HEAD commit: 5e60366d Merge tag 'fallthrough-fixes-clang-5.11-rc1' of g..
git tree: upstream
console output: https://syzkaller.appspot.com/x/log.txt?x=12b12c13500000
kernel config: https://syzkaller.appspot.com/x/.config?x=267a60b188ded8ed
dashboard link: https://syzkaller.appspot.com/bug?extid=8f90d005ab2d22342b6d
compiler: clang version 11.0.0 (https://github.com/llvm/llvm-project.git ca2dcbd030eadbf0aa9b660efe864ff08af6e18b)

Unfortunately, I don't have any reproducer for this issue yet.

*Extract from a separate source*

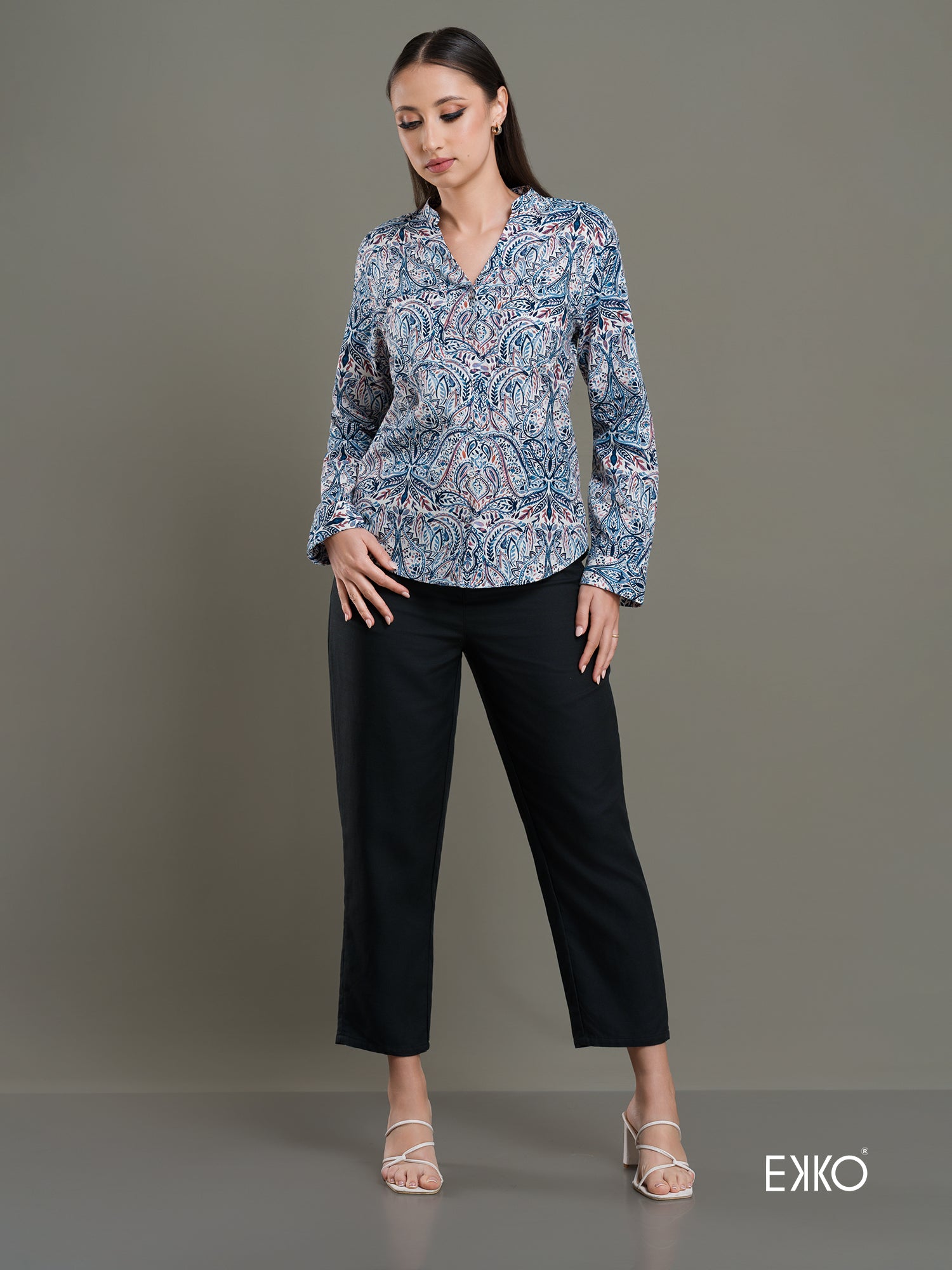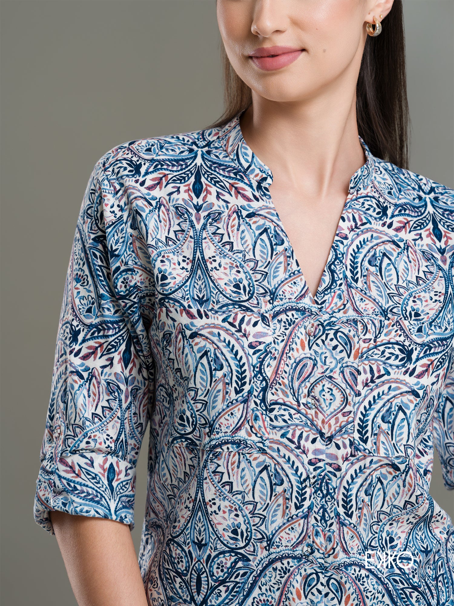 A relaxed shirt featuring a deep neckline and roll-up sleeves, combining comfort with a casual, effortless style

IMPORTANT: if you fix the issue, please add the following tag to the commit:
Reported-by: syzbot+8f90d0...@syzkaller.appspotmail.com

================================================================================
UBSAN: object-size-mismatch in ./include/linux/skbuff.h:2021:28
member access within address 0000000085889cc2 with insufficient space
for an object of type 'struct sk_buff'
CPU: 1 PID: 2998 Comm: kworker/1:2 Not tainted 5.10.0-syzkaller #0
Hardware name: Google Google Compute Engine/Google Compute Engine, BIOS Google 01/01/2011
Workqueue: ipv6_addrconf addrconf_dad_work
Call Trace:
__dump_stack lib/dump_stack.c:79 [inline]
dump_stack+0x137/0x1be lib/dump_stack.c:120
ubsan_epilogue lib/ubsan.c:148 [inline]
handle_object_size_mismatch lib/ubsan.c:297 [inline]
ubsan_type_mismatch_common+0x1e2/0x390 lib/ubsan.c:310
__ubsan_handle_type_mismatch_v1+0x41/0x50 lib/ubsan.c:339
__skb_queue_before include/linux/skbuff.h:2021 [inline]
__skb_queue_tail include/linux/skbuff.h:2054 [inline]
wg_xmit+0x45d/0xdf0 drivers/net/wireguard/device.c:182
__netdev_start_xmit include/linux/netdevice.h:4775 [inline]
netdev_start_xmit+0x7b/0x140 include/linux/netdevice.h:4789
xmit_one net/core/dev.c:3556 [inline]
dev_hard_start_xmit+0x182/0x2e0 net/core/dev.c:3572
__dev_queue_xmit+0x1229/0x1e60 net/core/dev.c:4133
neigh_output include/net/neighbour.h:510 [inline]
ip6_finish_output2+0xe8d/0x11e0 net/ipv6/ip6_output.c:117
dst_output include/net/dst.h:441 [inline]
NF_HOOK include/linux/netfilter.h:301 [inline]
ndisc_send_skb+0x85b/0xc70 net/ipv6/ndisc.c:508
addrconf_dad_completed+0x5ef/0x990 net/ipv6/addrconf.c:4192
addrconf_dad_work+0xb92/0x1480 net/ipv6/addrconf.c:3959
process_one_work+0x471/0x830 kernel/workqueue.c:2275
worker_thread+0x757/0xb10 kernel/workqueue.c:2421
kthread+0x39a/0x3c0 kernel/kthread.c:292
ret_from_fork+0x1f/0x30 arch/x86/entry/entry_64.S:296
================================================================================


---
This report is generated by a bot. It may contain errors.
See https://goo.gl/tpsmEJ for more information about syzbot.
syzbot engineers can be reached at syzk...@googlegroups.com.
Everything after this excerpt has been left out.